Visit additional Tabor Communication Publications
HPC Matters is a joint blog consisting of contributors from the Tabor Communications team on their observations and insights into HPC matters.
April 10, 2009
Do you know what the saddest part is of Rackable’s attempt to acquire SGI’s assets out of bankruptcy for a paltry $25 million in cash? There would be very little effect on the HPC market as a result. Thanks to a cascading series of problems -- bad marketing, operational misfires, bad technology bets, and ordinary bad luck -- SGI didn’t have much left to lose.
It’s been a long ride down for SGI, and now that it’s finally over, it comes almost as a relief, like when a beloved relative who has been suffering in pain for years with a terminal disease, a mere shadow of former self, finally passes.
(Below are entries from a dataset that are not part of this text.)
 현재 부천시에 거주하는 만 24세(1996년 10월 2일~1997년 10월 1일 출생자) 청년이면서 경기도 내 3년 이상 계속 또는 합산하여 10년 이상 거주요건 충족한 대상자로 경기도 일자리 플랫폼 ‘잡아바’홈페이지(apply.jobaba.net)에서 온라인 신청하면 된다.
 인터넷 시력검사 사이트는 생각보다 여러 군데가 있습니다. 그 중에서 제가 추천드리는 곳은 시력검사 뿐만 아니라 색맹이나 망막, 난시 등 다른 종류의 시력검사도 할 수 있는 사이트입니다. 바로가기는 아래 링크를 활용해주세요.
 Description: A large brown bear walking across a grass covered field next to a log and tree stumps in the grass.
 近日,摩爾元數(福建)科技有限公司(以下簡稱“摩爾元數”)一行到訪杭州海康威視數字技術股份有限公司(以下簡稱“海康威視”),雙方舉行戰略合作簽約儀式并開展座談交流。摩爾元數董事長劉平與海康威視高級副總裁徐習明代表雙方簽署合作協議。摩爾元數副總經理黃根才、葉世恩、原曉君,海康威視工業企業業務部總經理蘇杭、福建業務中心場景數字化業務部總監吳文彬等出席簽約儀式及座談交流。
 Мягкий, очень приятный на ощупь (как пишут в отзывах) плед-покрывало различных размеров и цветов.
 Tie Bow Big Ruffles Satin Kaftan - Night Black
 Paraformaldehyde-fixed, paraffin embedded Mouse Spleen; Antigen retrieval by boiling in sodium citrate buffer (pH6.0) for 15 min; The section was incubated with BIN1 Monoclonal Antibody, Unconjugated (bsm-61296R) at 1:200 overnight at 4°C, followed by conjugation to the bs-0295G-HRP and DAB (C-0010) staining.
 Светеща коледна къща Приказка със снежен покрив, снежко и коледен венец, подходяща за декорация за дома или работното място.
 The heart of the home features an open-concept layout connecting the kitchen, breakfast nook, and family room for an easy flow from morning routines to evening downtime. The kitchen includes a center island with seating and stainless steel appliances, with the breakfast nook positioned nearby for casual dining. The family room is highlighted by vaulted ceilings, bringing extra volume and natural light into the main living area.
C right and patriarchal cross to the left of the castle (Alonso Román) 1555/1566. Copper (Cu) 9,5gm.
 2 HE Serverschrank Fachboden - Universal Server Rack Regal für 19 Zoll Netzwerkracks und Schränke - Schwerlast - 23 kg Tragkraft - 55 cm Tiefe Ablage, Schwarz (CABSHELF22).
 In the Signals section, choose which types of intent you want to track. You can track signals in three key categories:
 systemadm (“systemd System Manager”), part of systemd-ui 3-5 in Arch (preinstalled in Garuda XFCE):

It gives us one last chance to light candles, join hands, and remember an icon that once exemplified Silicon Valley greatness.
The industry is full of opinions on what went wrong with SGI, and I’ve got my stories too. Before becoming an HPC industry analyst, I worked at SGI myself for a little over six years in product management and product marketing roles in SGI’s server group.
When I joined Silicon Graphics in August 1997, the company appeared on the cover of BusinessWeek magazine. No, not that cover story. People remember SGI being anointed “the Gee-Whiz Company” by BusinessWeek in 1994, but some forget that the same publication announced the company’s downfall only three years later in “The Sad Saga of Silicon Graphics.” Marketing was to blame, along with reckless spending; that much was common knowledge. On both these points, I’d have to agree.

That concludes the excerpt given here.